Few official statements have been made about what was discussed in the meeting, which was held behind closed doors. But sources within South Sudan’s Ministry of Foreign Affairs claimed the visit was a step towards boosting bilateral ties between the two nations.
“I was not in the meeting but I am told by my colleagues that number of issues aiming at promoting bilateral ties were raised and discussed. Issues relating to regular interaction between diplomats at both embassies to raise and discuss issues of concerns were brought up and the two sides have agreed to set up committees to look into them”, an official with the South Sudan Ministry of Foreign Affairs and International Cooperation told Sudan Tribune on Friday.
The official further added that the meeting had discussed making use of expertise in fighting poverty; improving living conditions in identified areas; establishing small and medium-size enterprises and industrial clusters; and making use of traditional and ancestral contacts to reactivate and promote peaceful coexistence between the two states. Other issues raised at the meeting included intensifying diplomatic efforts to resume trade exchange at the border states.
South Sudan Undersecretary at the Ministry of Foreign Affairs and International Cooperation Charles Manyang Wol said the two ministries would exchange constant visits in order to revive and strengthen bilateral relations. He declined to offer comment on the agenda of the discussions.
The official, however, said the future stability of the economies of the two countries depend entirely on their relationship. Before relations soured and Sudan closed the border Sudan was South Sudan’s biggest trading partner and was the new nation’s only route export its oil.

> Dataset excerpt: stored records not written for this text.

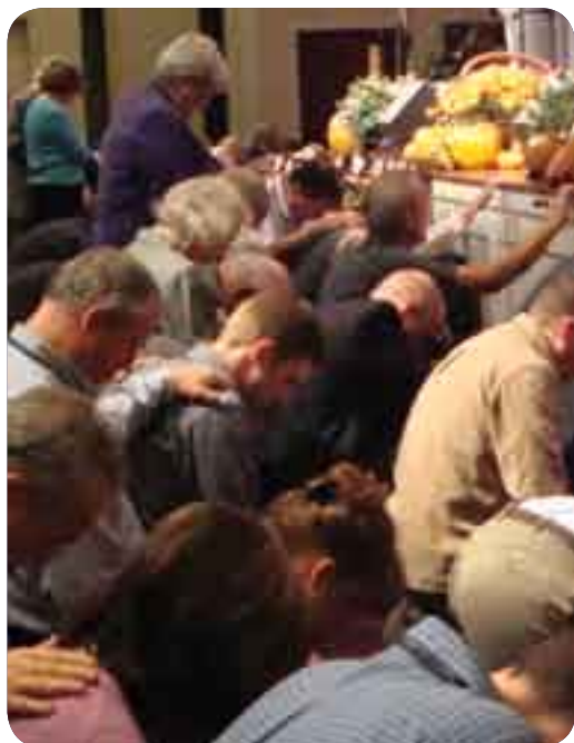
Many are compelled to the altar to kneel before God in prayer.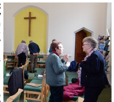
Thy Kingdom Come training event at Leominster Methodist Church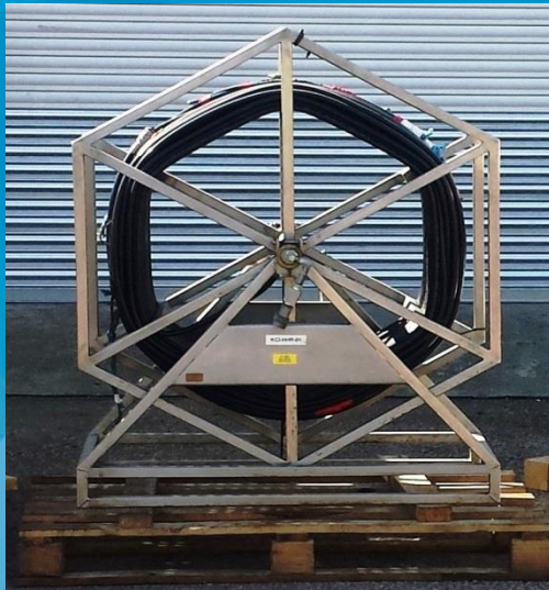
250m Umbilical Hose Reel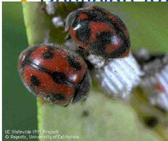
UC Statewide IPM Project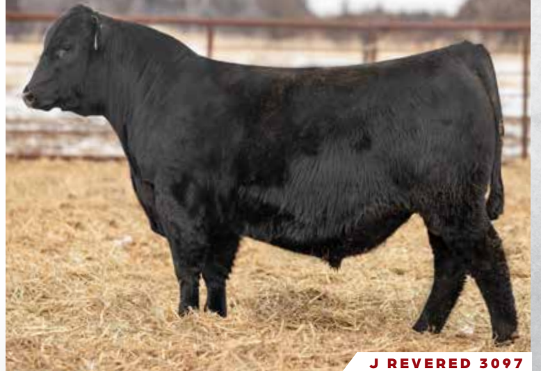
J REVERED 3097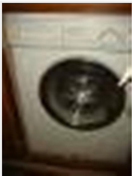
47' Bayliner washer-dryer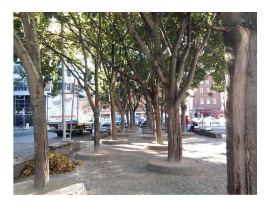
Figure 2 Trees at one end of the Market in 2010, knocked down later that year

The Smithfield square exemplified poor urban planning with public art works installed, removed and installed again, trees planted then cut down, benches added and removed, and finally oddly placed green spots, two Dublin Bikes racks, at both ends, and a small playground installed in 2013.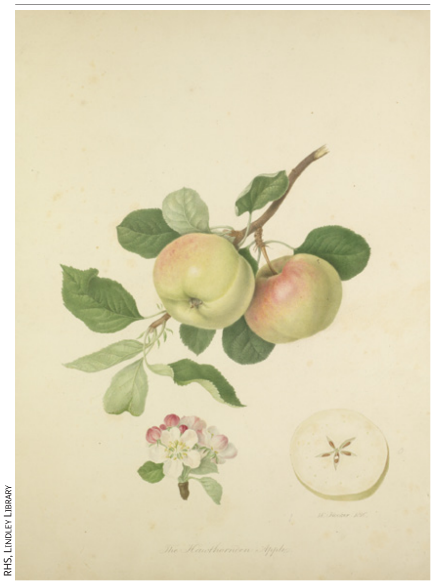
Fig.\ 1.\ Apple\ 'Hawthornden', drawn\ by\ Hooker\ for\ the\ Horticultural\ Society,\ 1816.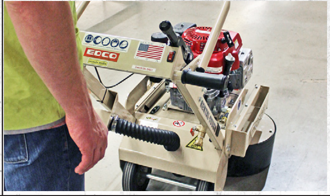
OPERATOR POSITION w/DUAL-DISC GRINDER (FROM HANDLEBARS)

Left and Right-Hand refers to the direction of the disc/tooling rotation when standing in the Operators Position (From Handlebars).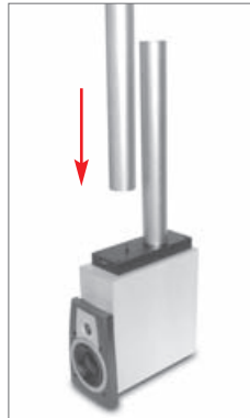
See step 5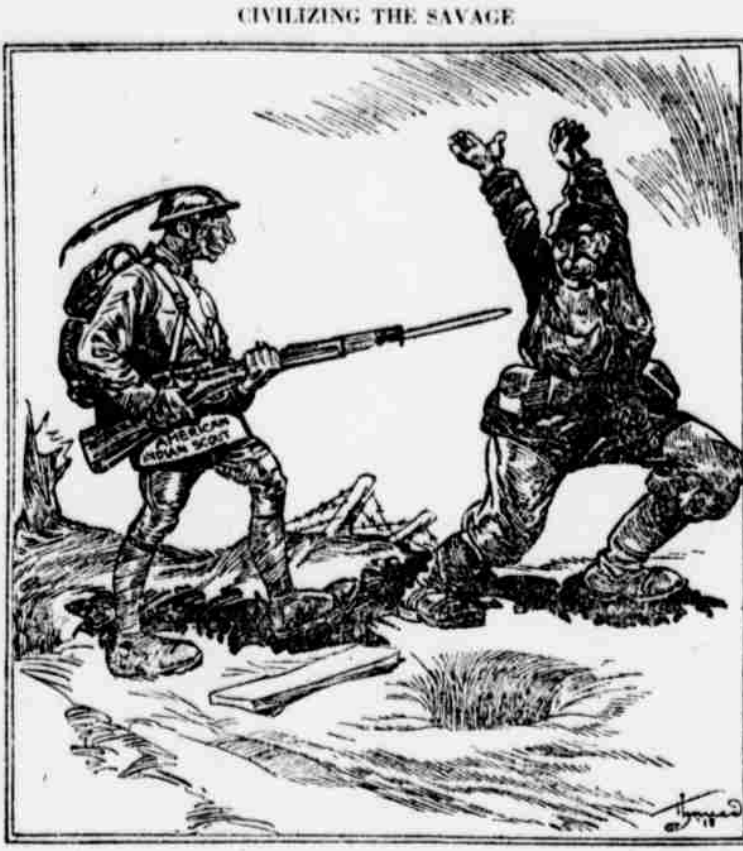
CIVILIZING THE SAVAGE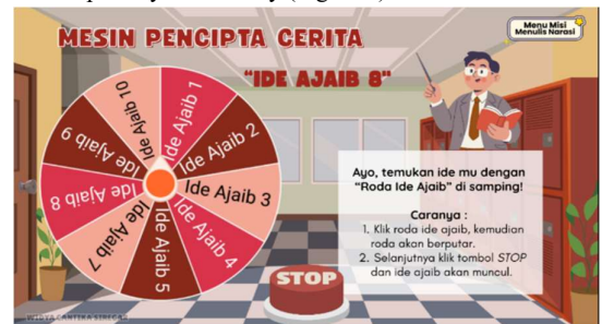
Figure 5 Story Creation Machine Display (Pre-Writing Stage)

The Story Creation Machine feature functioned during the pre-writing stage to help students generate story ideas through rotating themes and picture sequences (Figure 5). The resulting picture sequences served as visual stimuli for students to develop narrative plots systematically (Figure 6).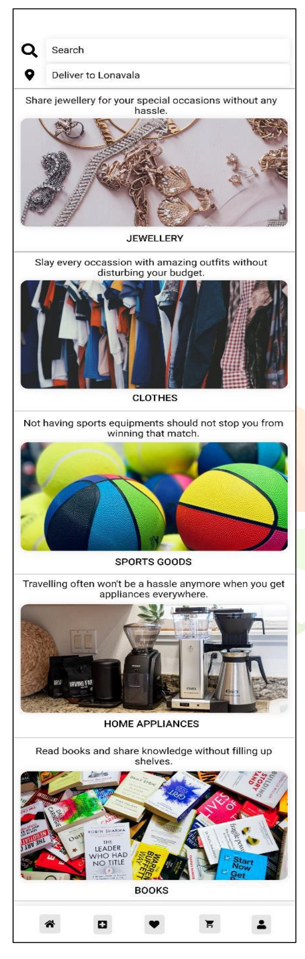
Figure 5.2: Main Menu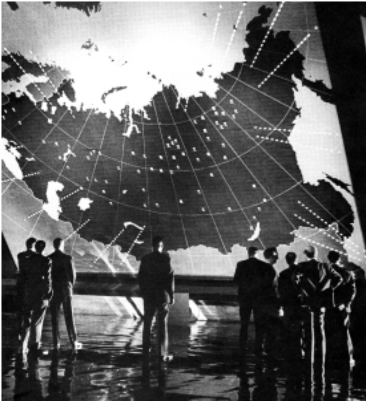
Wohlstetter was even stranger than the “Dr. Strangelove” depicted in the 1964 movie of that name. An early draft of the film was titled “The Delicate Balance of Terror,” the same title as Wohlstetter’s best-known unclassified work. Here, a still from the film.

for industry, Wohlstetter marshalled his math to stop civilian atoms.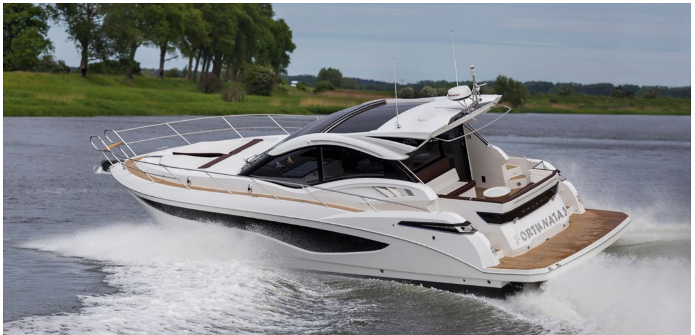
Make use of the available bath platform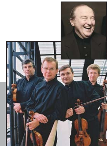
Pražák Quartet/Menahem Pressler

Their superb musicianship has been a highlight of many seasons since they first played for us in 1986. They are known for that warm, mellow, burnished Bohemian sound that makes for incomparable playing of the music of their birthplace. The indefatigable Menahem Pressler is well known to our audience and looks forward to this collaboration – you may remember they played together in our 50th anniversary concerts.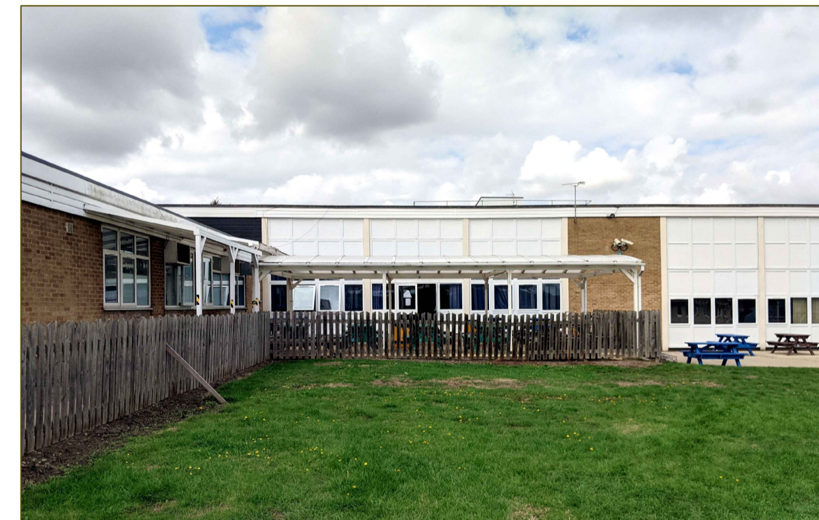
3 View of hall with external canopy structure. Existing dark composite timber panelling above kitchen.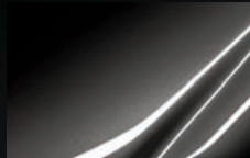
designo Graphite (G 55 AMG only)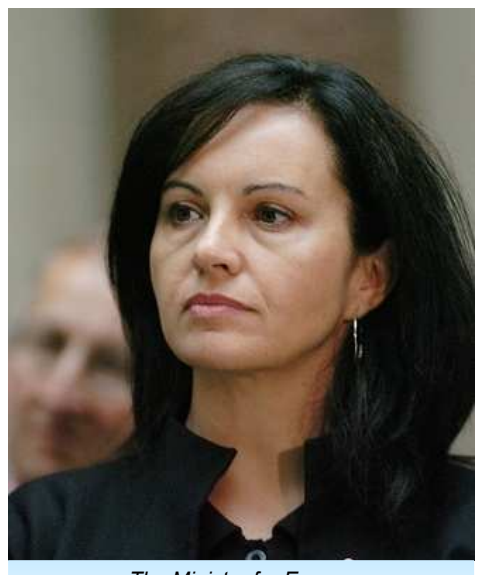
The Minister for Europe Rt. Hon. Caroline Flint MP

then followed by a question and answer session. Once again, the Minister continued to reiterate the benefits of a peace deal, and pointedly refused to engage in speculation about the possible breakdown of talks. As she noted, 'this was too good an opportunity to miss'. There is no 'Plan B' for Cyprus.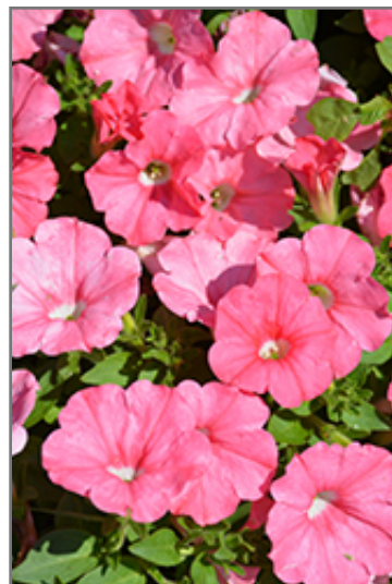
Supertunia Bermuda Beach Petunia flowers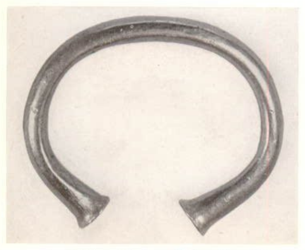
1. Gold armlet from Kirkmaiden (‡).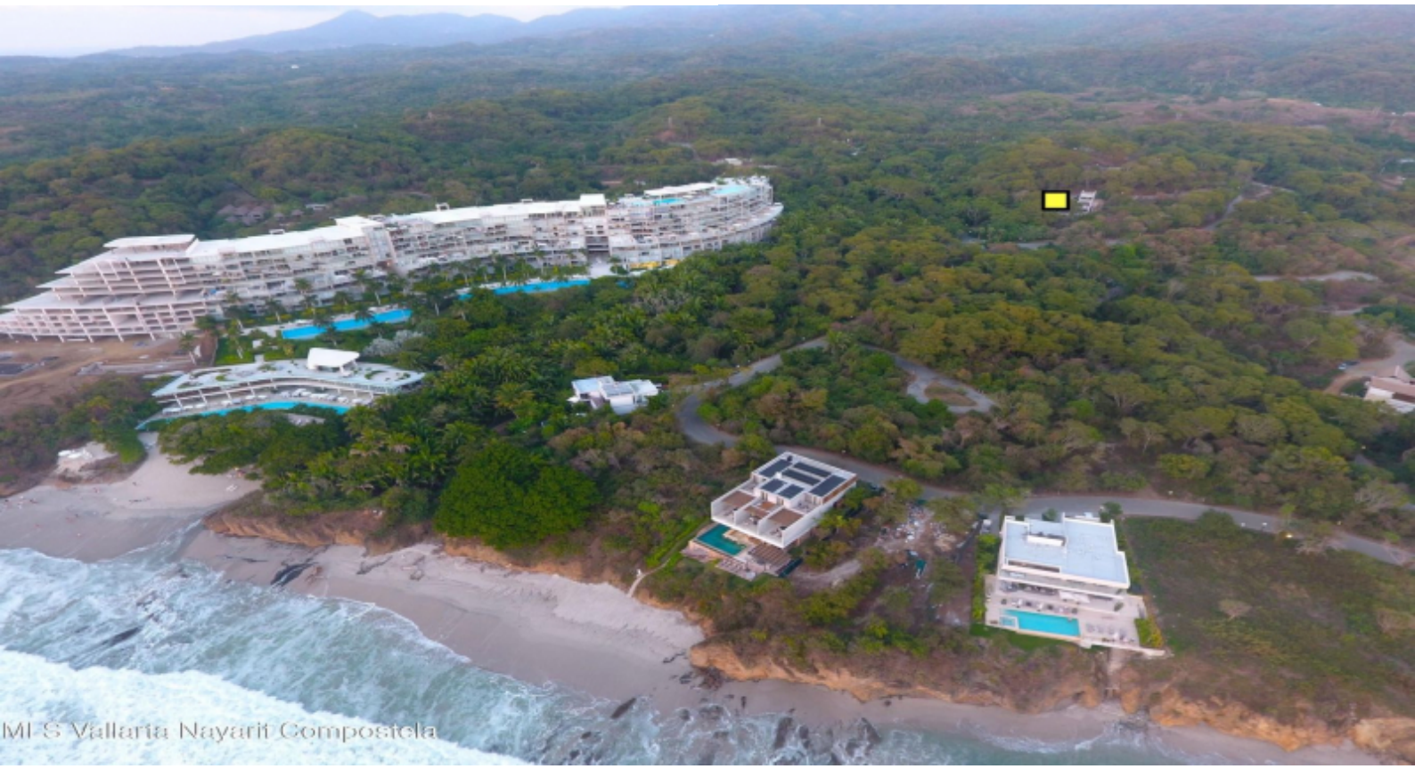
MI S Vallarta Nayarit Compostela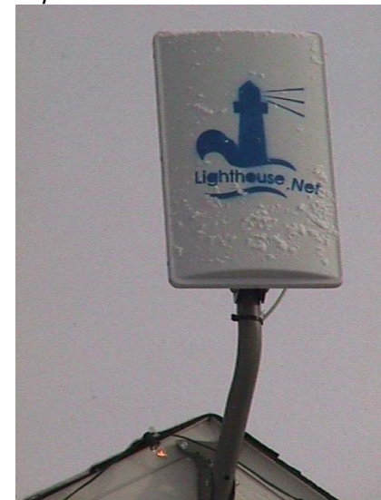
Mounting will vary by location and building type.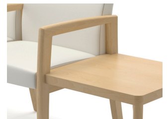
Systems (End Table shown)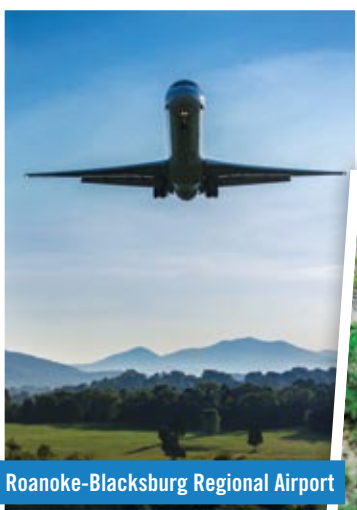
Roanoke-Blacksburg Regional Airport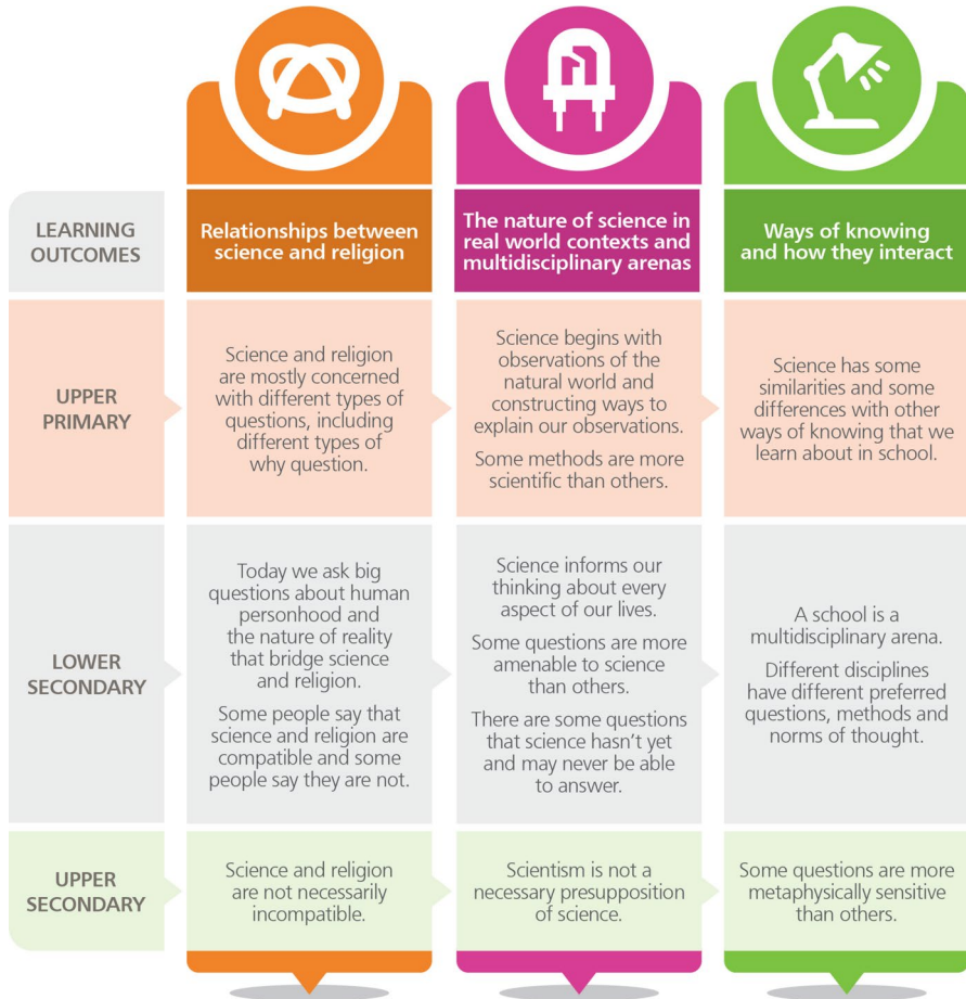
Fig. 1 Epistemic insight curriculum framework (Billingsley et al. 2018)

was based on convenience, suitable for a small-scale, exploratory study (Maxwell 2012).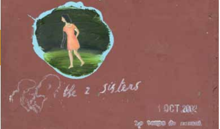
Francis Alÿs, Le Temps du Sommeil , 1996 – present, series of 100 paintings (ongoing), oil and pencil on wood, 12 x 16 cm

the 20 th -century. In 1967 he curated Six Painters which included work by Piet Mondrian, Philip Guston, Franz Kline, Willem de Kooning, Jackson Pollock and Mark Rothko. Vertical Thoughts takes its inspiration from Feldman's original project; the exhibition comprises music scores, record covers, photographs, and works from Feldman's own Collection, including a number of oriental rugs. Also presented is a programme of related events, including a concert of Feldman's music.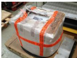
Reference: BPS-076 TRANSFORMER Year: . Brand: SBA-TRAFOTECH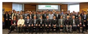
RMW8 in 2013 at MIT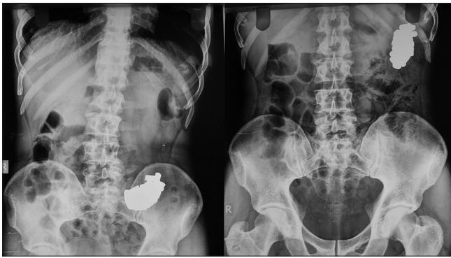
Figure 1: Abdominal X-ray confirming the presence of foreign body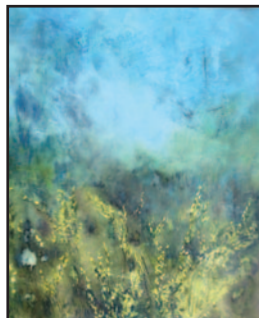
"Spring Awakening" acrylic & inks by Noel Soucy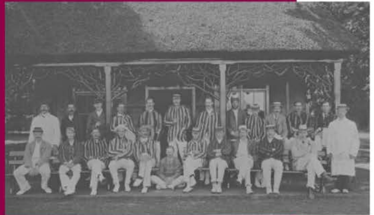
PAST: THIS PHOTO FROM 1901 FEATURES AN ENGLAND 11 WHO PLAYED WOOLVERSTONE PARK CRICKET CLUB.

We very much want our restored pavilion to be a fundamental part of our school for many more generations to come.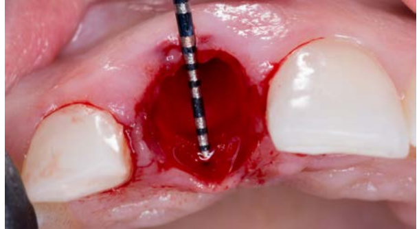
4 - Alveolus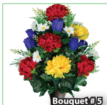
Purple Roses with Red and Yellow Mums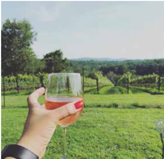
@winedinetravel365 Cana Vineyards and Winery of Middleburg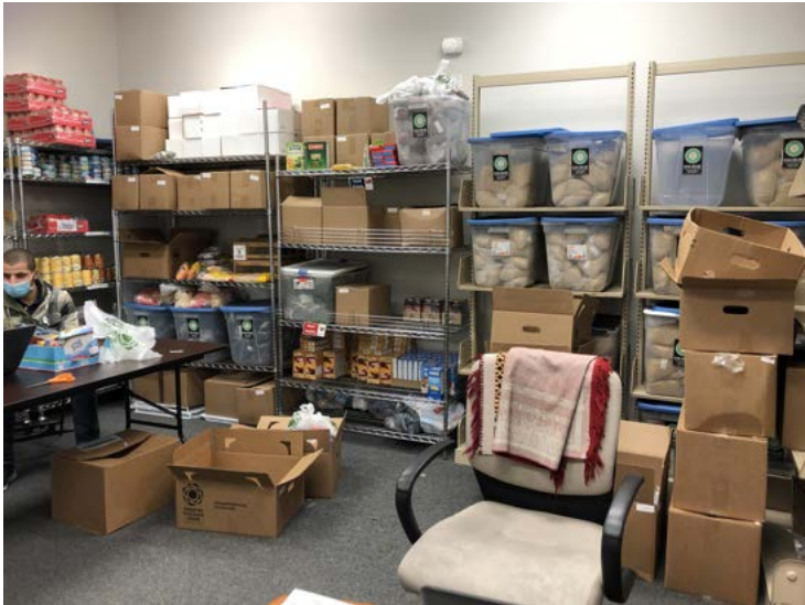
Clockwise: Stocking the INCA Pantry, Delivering Care Boxes, A filled INCA Pantry!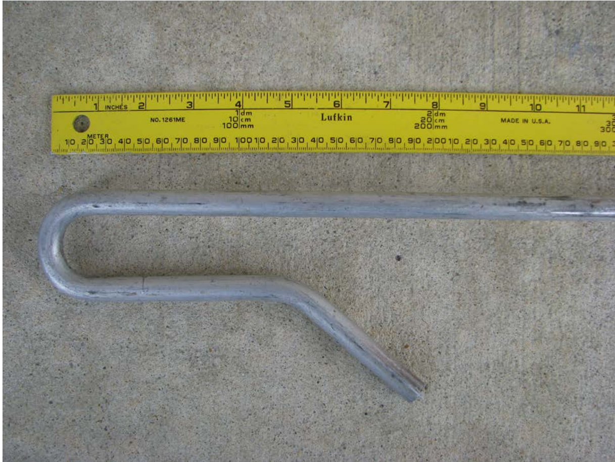
Figure 1. Distal end of telescopic, aluminum swan pole (3.2-cm crook gap) made of marine-grade aluminum rod (0.6-cm) used to capture flightless mute swans in the lower Potomac River and upper Chesapeake Bay, Maryland, USA, 2005–2008.

(for example, 1,396 swans/44-culling hours = 31.88 swans culled per hour).

"South and North share a lot in common. The future of our economies entirely depend our relations. This future is in our hands. It is waiting for us. Our generation and the next generation deserve [a] strong foundation. Relations between our citizens rely on political relations between the two states. They need peace and free movement required by the international relations," he explained.
"Let us begin that future together," he added.
In Khartoum, it was reported that Rahamat-Allah signed an agreement on the resumption of direct flights between the two countries as it was stopped four months ago.
The Sudanese official also said Khartoum and Juba are discussing ways to resume fluvial trips and to open land roads.
The two countries agreed in September 2011 to open crossing points and to organise border trade between the two sides. In November 2011 also the two neighbours inked security arrangements on the common border.
But the relations between the two sides deteriorated following the increase of attacks in South Kordofan by the Sudanese rebels that Khartoum says are backed by Juba and in January South Sudan stopped pumping oil through Sudan depriving both countries of much needed income in hard currency.